Your objective:
Print each entry in full, word for word, with no pictures in the result.

Records shown:

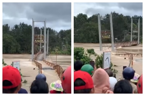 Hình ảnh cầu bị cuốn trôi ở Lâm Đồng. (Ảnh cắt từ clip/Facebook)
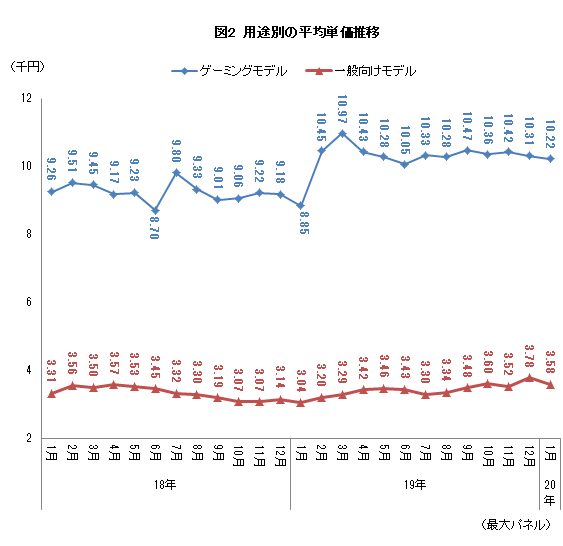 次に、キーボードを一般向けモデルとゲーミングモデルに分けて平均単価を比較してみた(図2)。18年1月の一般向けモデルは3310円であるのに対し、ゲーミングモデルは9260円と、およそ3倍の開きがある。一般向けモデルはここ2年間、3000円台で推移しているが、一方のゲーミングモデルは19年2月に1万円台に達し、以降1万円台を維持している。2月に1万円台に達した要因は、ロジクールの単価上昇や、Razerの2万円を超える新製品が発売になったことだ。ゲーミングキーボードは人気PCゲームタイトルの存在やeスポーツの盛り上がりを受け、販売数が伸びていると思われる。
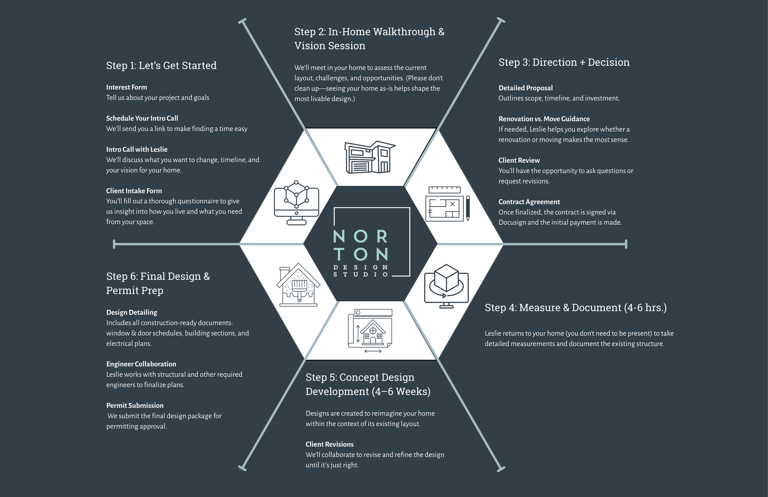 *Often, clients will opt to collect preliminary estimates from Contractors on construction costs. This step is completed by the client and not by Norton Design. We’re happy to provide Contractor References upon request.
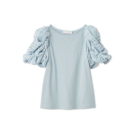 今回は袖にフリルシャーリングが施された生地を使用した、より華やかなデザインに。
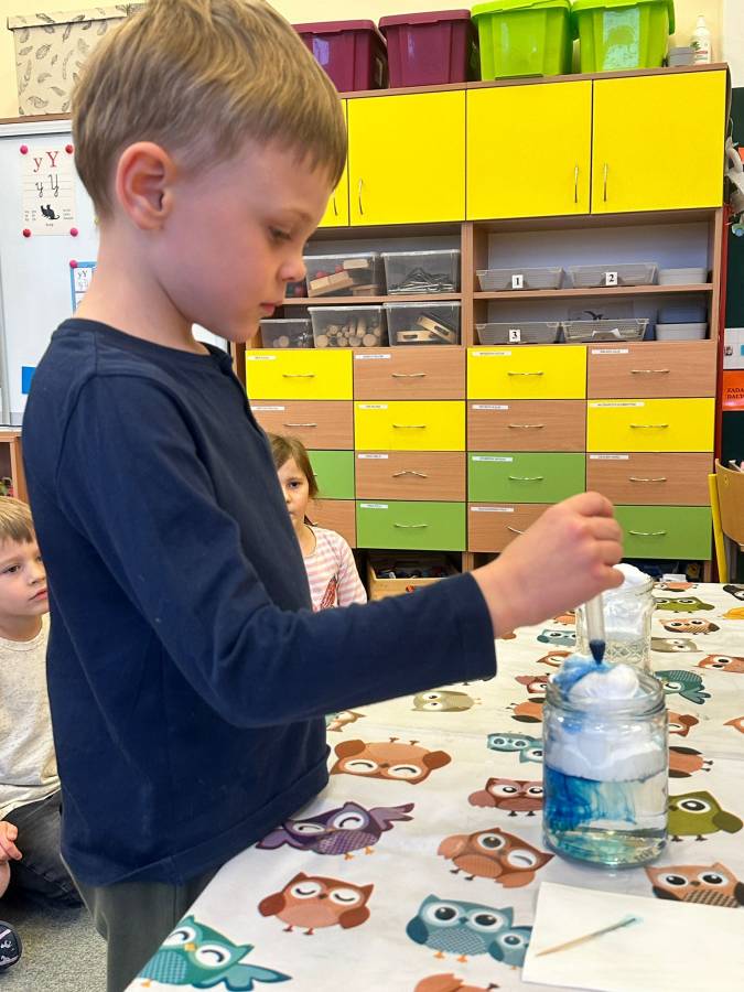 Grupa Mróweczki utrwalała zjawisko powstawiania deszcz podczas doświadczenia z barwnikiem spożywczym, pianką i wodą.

Result of this exercise:
 Hình ảnh cầu bị cuốn trôi ở Lâm Đồng. (Ảnh cắt từ clip/Facebook)
 次に、キーボードを一般向けモデルとゲーミングモデルに分けて平均単価を比較してみた(図2)。18年1月の一般向けモデルは3310円であるのに対し、ゲーミングモデルは9260円と、およそ3倍の開きがある。一般向けモデルはここ2年間、3000円台で推移しているが、一方のゲーミングモデルは19年2月に1万円台に達し、以降1万円台を維持している。2月に1万円台に達した要因は、ロジクールの単価上昇や、Razerの2万円を超える新製品が発売になったことだ。ゲーミングキーボードは人気PCゲームタイトルの存在やeスポーツの盛り上がりを受け、販売数が伸びていると思われる。
 *Often, clients will opt to collect preliminary estimates from Contractors on construction costs. This step is completed by the client and not by Norton Design. We’re happy to provide Contractor References upon request.
 今回は袖にフリルシャーリングが施された生地を使用した、より華やかなデザインに。
 Grupa Mróweczki utrwalała zjawisko powstawiania deszcz podczas doświadczenia z barwnikiem spożywczym, pianką i wodą.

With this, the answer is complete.